The most popular postcodes for investors in Sydney were inner-city Sydney 2000, Blacktown, Hills Shire and Liverpool.
In Melbourne, it was Wyndham, Hume, Casey and inner-city Melbourne 3000. The data is based on the number of investment properties funded by the bank within a single area
Only one postcode in 2023 came from outside the two largest cities – this was inner-city Brisbane 4000 – coming in as the sixth most popular postcode for investors nationwide at CBA.
The tables show little change over a three-year stretch that included the pandemic era: Since 2019 inner-city Adelaide 5000 and Sydney’s Fairfield district have fallen out of the top 10, while Sydney’s Blacktown and Brisbane 4000 joined the list.
Despite the clear bias towards big city investments, official data shows regional dwellings are still outpacing metropolitan centres – with a quarterly lift of 1.8 per cent for regional towns against a 1.5 per cent lift in city values for the three months to March 31 this year.

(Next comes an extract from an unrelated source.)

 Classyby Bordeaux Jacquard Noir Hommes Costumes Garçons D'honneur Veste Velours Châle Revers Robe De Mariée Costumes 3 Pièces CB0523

The figures are released just as the residential property market is seeing a strong rebound in investor interest despite elevated interest rates with property investors typically paying rates of around 7 per cent.
At the same time rental yields in major cities are as low as 2 per cent while apartments continue to lag behind houses in terms of total returns. Industry figures for last year showed that 97 per cent of houses have a nominal resale “gain” but the portion drops to 88 per cent for units.

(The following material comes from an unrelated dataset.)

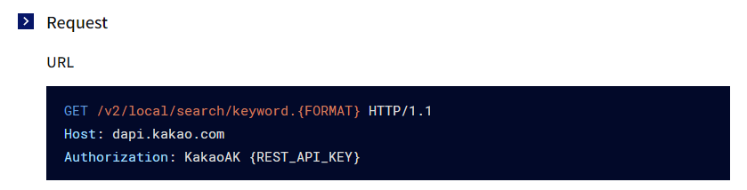 보면 Authorization 헤더에 KakaoAK (한 칸 띄고) (API 키) 임을 나타낸다.
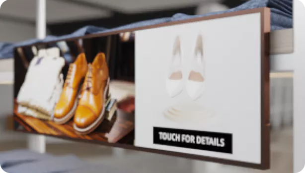 Transforme el entorno minorista con pantallas interactivas que funcionan como soluciones de señalización. Guíe a los clientes fácilmente por la tienda, mejorando su experiencia de navegación.

There is now mounting evidence that investors are back in the residential property market after a period of absence in late 2022 and early 2023.
CBA cites Bureau of Statistics data that shows investors underpinned new lending growth over the past year. Investor lending growth at 18.5 per cent outpaced first homebuyer lending at 13.2 per cent while owner-occupiers manage 3.4 per cent.
The average age of a new property investor is now 43 with an average loan size of just over $500,000, indicating that investors were most active in inner-city apartments or medium-priced homes in popular suburbs such as the Hume council area in Melbourne or Marsden Park in Sydney.
According to CBA executive general manager home buying Michael Baumann, “we continue to see the inclination among investors to ‘rentvest’ – that is, buying a property where they can afford and renting where they wish to live”.
Missing from the top tables was the best-performing area nationwide, which is now the city of Perth.
Property research group CoreLogic has reported that Perth continues to lead capital growth performance with values up 20 per cent over the past year.
In contrast annual growth trend in national home values for the 12 months to March is 8.8 per cent.